## Data for the task

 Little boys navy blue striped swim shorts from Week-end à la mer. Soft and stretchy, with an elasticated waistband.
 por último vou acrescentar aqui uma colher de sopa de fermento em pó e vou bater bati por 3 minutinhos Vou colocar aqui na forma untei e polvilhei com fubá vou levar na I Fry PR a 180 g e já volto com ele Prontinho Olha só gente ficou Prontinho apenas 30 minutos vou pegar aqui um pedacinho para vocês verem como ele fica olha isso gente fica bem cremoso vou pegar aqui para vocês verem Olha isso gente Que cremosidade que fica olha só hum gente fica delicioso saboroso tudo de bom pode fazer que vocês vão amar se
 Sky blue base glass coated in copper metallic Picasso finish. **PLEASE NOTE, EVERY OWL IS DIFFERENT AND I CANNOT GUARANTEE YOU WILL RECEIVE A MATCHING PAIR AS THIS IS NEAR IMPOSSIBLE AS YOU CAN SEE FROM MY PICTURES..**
* * *
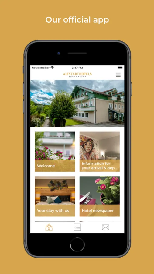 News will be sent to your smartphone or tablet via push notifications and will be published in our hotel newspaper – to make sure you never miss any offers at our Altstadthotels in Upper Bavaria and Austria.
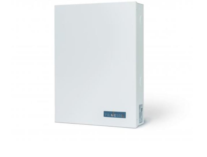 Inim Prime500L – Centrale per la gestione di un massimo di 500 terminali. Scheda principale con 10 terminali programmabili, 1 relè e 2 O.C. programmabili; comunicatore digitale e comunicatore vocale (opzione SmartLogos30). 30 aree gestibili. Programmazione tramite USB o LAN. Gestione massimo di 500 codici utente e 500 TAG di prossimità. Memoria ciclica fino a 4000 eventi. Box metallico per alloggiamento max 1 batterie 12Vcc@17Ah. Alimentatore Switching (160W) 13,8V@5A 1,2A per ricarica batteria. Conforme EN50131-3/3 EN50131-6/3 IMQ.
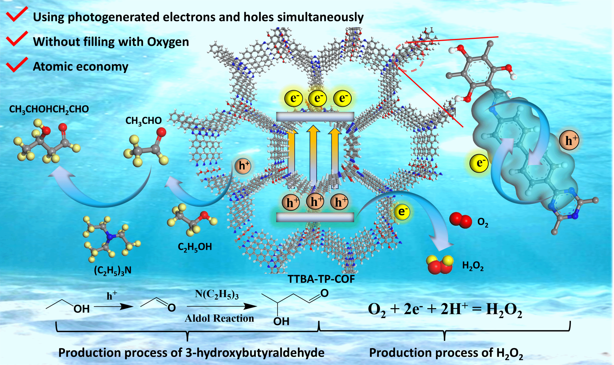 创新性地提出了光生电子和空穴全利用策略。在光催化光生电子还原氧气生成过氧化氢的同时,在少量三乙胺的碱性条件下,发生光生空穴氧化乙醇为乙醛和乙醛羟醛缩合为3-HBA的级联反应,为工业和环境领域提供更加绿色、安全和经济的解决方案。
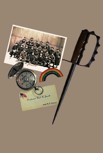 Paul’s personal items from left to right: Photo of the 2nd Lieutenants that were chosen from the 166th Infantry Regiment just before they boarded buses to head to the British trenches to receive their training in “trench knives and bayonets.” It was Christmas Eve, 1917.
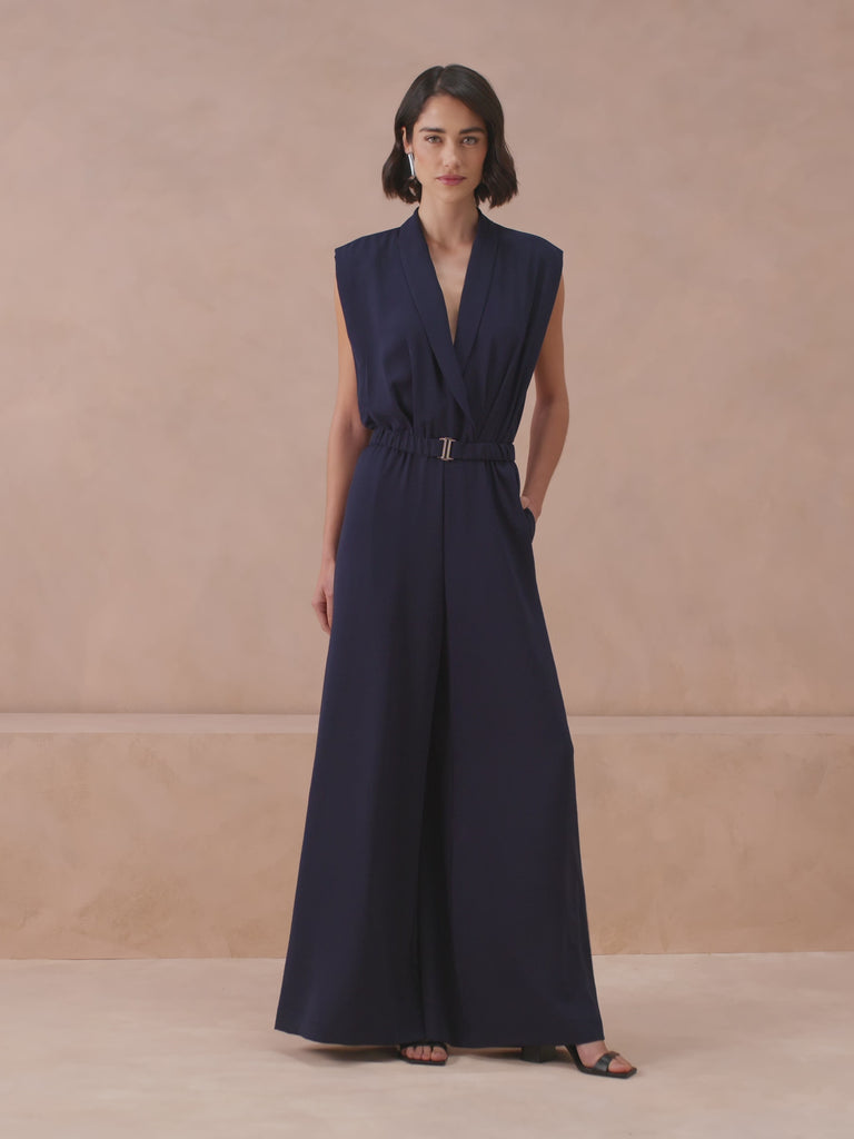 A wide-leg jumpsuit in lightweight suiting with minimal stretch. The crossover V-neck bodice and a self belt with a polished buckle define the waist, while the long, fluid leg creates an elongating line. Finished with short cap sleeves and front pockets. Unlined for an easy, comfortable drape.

## Assignment
Here the job is to copy the listing above word for word, starting at the line with "Paul’s personal items" and ending at the line with "A wide-leg jumpsuit", and to leave out the pictures.

## Your solution
 Paul’s personal items from left to right: Photo of the 2nd Lieutenants that were chosen from the 166th Infantry Regiment just before they boarded buses to head to the British trenches to receive their training in “trench knives and bayonets.” It was Christmas Eve, 1917.
 A wide-leg jumpsuit in lightweight suiting with minimal stretch. The crossover V-neck bodice and a self belt with a polished buckle define the waist, while the long, fluid leg creates an elongating line. Finished with short cap sleeves and front pockets. Unlined for an easy, comfortable drape.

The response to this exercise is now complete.